───── Data supplied ─────

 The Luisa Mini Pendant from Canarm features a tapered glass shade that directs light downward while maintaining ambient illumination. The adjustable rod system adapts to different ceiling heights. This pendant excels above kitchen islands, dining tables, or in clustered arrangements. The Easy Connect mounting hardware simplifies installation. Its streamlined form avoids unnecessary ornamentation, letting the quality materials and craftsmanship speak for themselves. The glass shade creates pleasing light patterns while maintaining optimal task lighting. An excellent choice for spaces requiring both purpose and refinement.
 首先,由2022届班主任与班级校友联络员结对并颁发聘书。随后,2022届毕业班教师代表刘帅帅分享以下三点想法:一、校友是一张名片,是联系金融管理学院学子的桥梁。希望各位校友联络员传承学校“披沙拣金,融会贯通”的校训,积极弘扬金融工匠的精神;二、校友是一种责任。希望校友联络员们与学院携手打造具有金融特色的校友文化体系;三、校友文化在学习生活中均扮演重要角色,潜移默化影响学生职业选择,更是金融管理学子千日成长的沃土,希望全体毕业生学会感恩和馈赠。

─────
───── Data supplied ─────

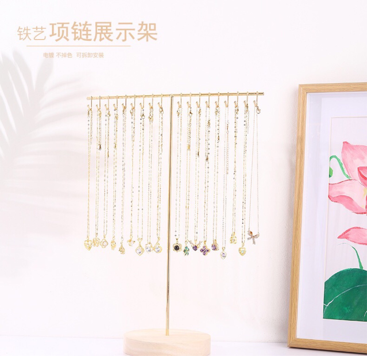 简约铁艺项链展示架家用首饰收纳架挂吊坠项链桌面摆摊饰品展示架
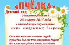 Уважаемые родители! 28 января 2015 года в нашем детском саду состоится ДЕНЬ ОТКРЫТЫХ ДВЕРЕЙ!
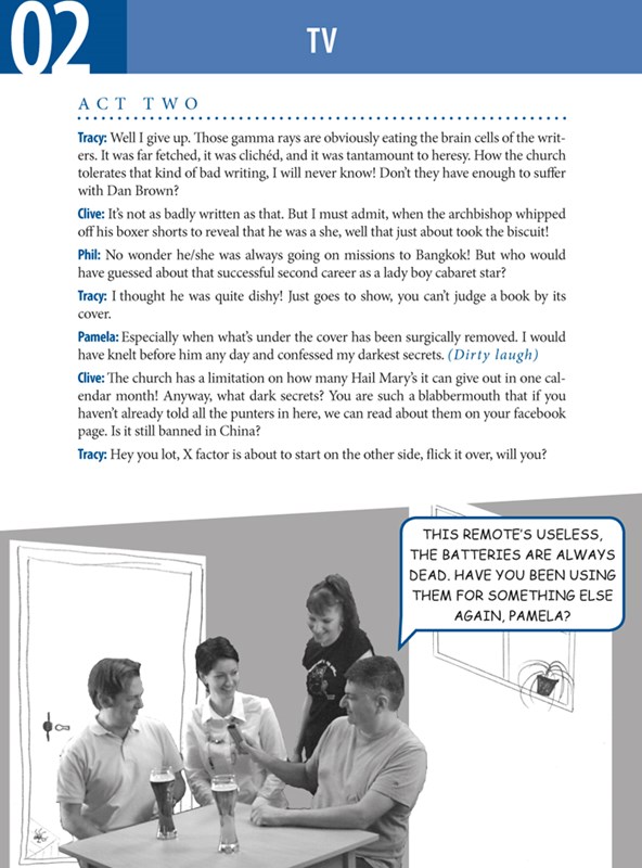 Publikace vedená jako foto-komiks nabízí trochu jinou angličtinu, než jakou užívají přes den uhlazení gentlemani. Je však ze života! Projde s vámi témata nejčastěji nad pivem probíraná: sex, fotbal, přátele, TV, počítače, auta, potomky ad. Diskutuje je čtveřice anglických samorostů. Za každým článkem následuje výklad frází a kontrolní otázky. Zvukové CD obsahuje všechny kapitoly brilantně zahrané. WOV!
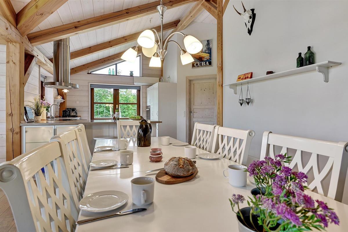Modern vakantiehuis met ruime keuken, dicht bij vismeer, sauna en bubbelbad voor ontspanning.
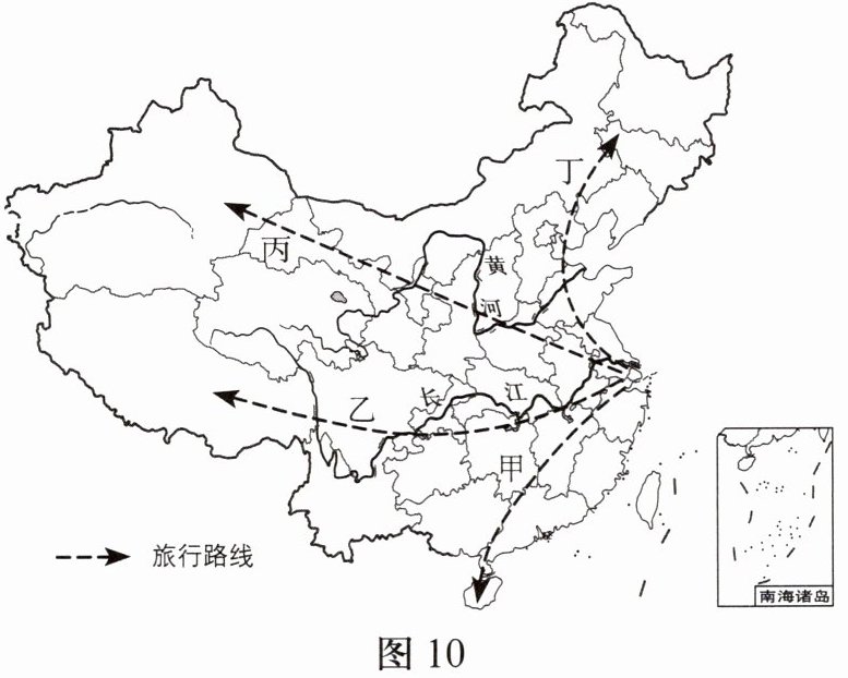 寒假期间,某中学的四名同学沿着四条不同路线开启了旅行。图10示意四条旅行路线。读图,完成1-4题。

─────

■ **Exercise requirements**: As the answer, set down only the lines from the data above between the one holding "The Luisa Mini" and the one holding "首先,由2022届班主任与班", inclusive, exactly as they read.

■ **Finished task**:
 The Luisa Mini Pendant from Canarm features a tapered glass shade that directs light downward while maintaining ambient illumination. The adjustable rod system adapts to different ceiling heights. This pendant excels above kitchen islands, dining tables, or in clustered arrangements. The Easy Connect mounting hardware simplifies installation. Its streamlined form avoids unnecessary ornamentation, letting the quality materials and craftsmanship speak for themselves. The glass shade creates pleasing light patterns while maintaining optimal task lighting. An excellent choice for spaces requiring both purpose and refinement.
 首先,由2022届班主任与班级校友联络员结对并颁发聘书。随后,2022届毕业班教师代表刘帅帅分享以下三点想法:一、校友是一张名片,是联系金融管理学院学子的桥梁。希望各位校友联络员传承学校“披沙拣金,融会贯通”的校训,积极弘扬金融工匠的精神;二、校友是一种责任。希望校友联络员们与学院携手打造具有金融特色的校友文化体系;三、校友文化在学习生活中均扮演重要角色,潜移默化影响学生职业选择,更是金融管理学子千日成长的沃土,希望全体毕业生学会感恩和馈赠。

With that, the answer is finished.